◆ **TASK GOAL**
Everything from the line with "A solutionAny value" down to the line with "大赛在曾凤生书记的致辞和全场" below must be printed exactly, those two lines included. Exclude pictures.

◆ **RECORDS FOR THE EXERCISE**

- - - - - - -

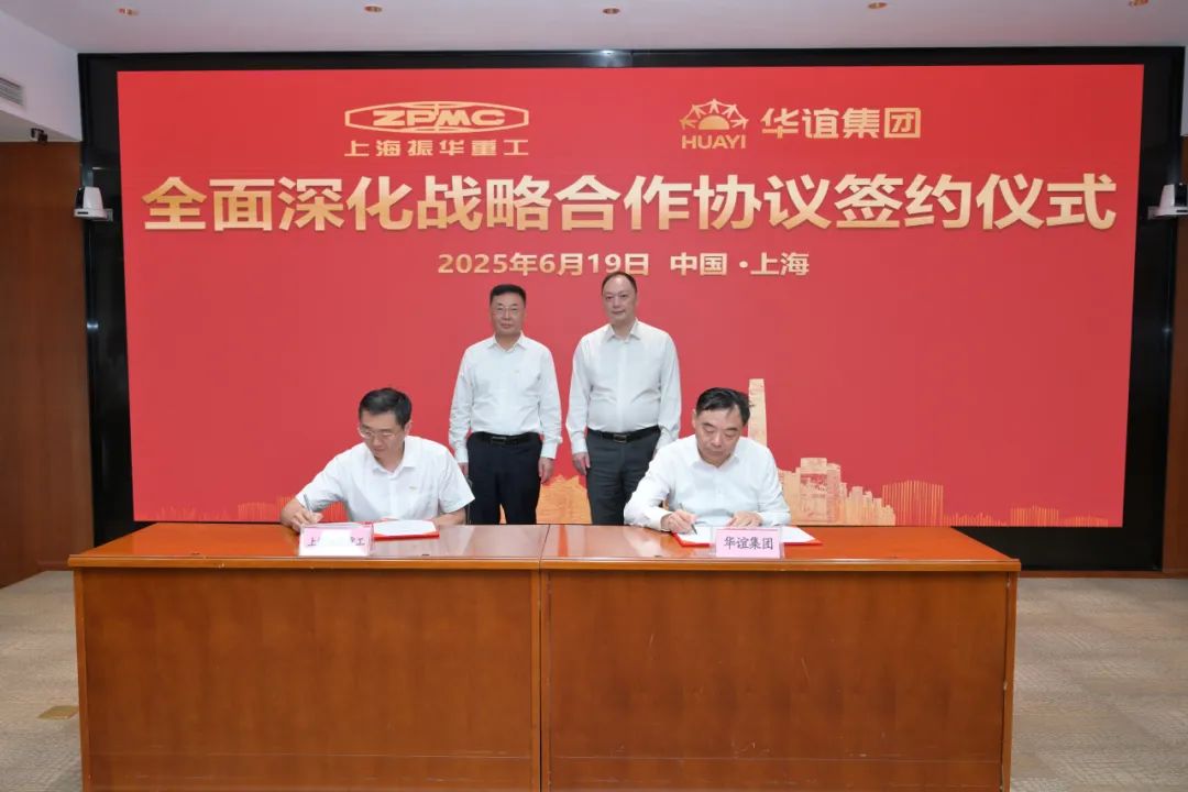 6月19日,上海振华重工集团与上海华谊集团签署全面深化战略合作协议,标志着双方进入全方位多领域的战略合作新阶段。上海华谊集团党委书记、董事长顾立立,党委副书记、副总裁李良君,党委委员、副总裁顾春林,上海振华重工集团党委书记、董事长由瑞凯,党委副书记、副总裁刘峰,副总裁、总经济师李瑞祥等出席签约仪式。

- - - - - - -

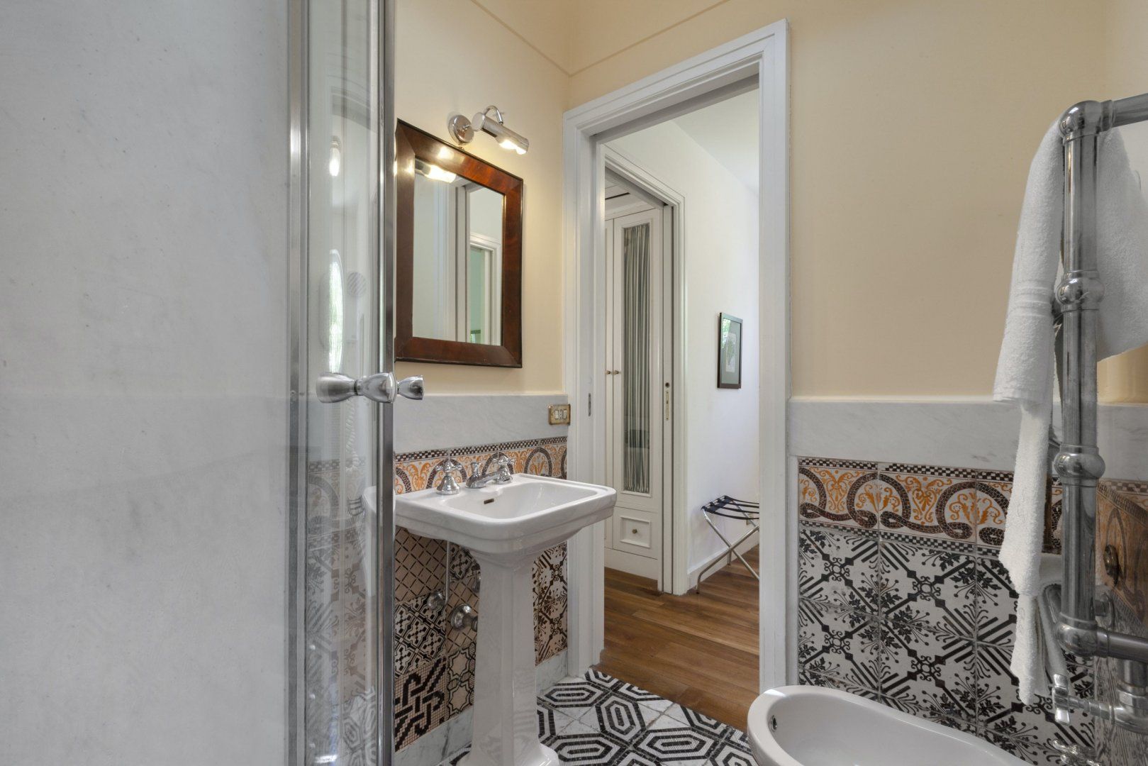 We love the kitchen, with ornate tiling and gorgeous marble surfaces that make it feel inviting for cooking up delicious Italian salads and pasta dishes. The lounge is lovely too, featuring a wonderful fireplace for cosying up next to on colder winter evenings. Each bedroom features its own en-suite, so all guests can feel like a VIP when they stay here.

- - - - - - -

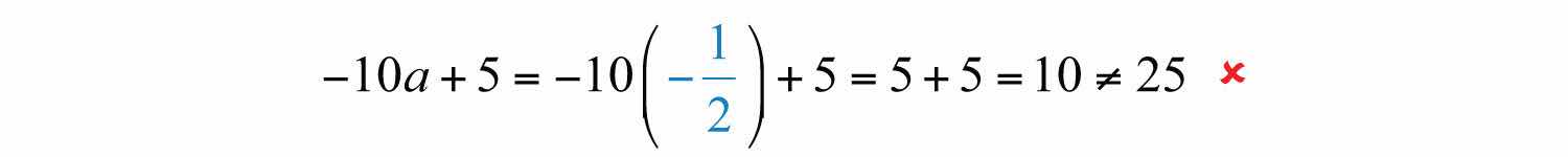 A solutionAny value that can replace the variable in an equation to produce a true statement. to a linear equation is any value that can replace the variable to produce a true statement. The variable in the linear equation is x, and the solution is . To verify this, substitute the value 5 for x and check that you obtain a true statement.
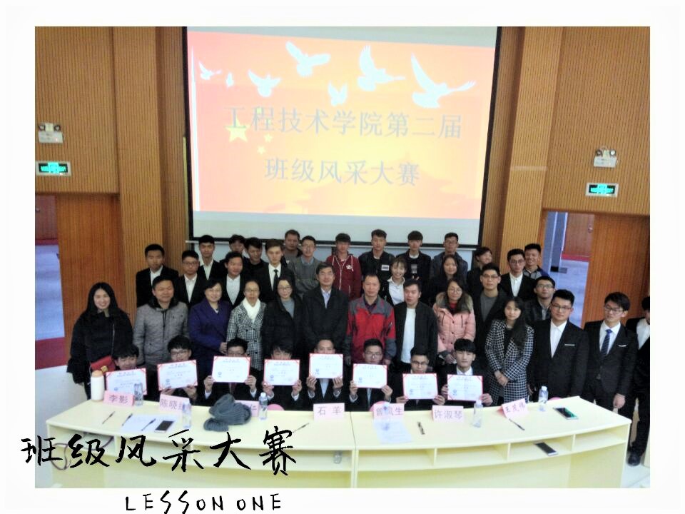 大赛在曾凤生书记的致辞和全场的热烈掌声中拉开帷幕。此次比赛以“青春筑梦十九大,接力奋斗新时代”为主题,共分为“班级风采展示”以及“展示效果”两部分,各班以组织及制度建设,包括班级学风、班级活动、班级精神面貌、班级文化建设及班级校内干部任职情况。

- - - - - - -

◆ **WRITTEN SOLUTION**
 A solutionAny value that can replace the variable in an equation to produce a true statement. to a linear equation is any value that can replace the variable to produce a true statement. The variable in the linear equation is x, and the solution is . To verify this, substitute the value 5 for x and check that you obtain a true statement.
 大赛在曾凤生书记的致辞和全场的热烈掌声中拉开帷幕。此次比赛以“青春筑梦十九大,接力奋斗新时代”为主题,共分为“班级风采展示”以及“展示效果”两部分,各班以组织及制度建设,包括班级学风、班级活动、班级精神面貌、班级文化建设及班级校内干部任职情况。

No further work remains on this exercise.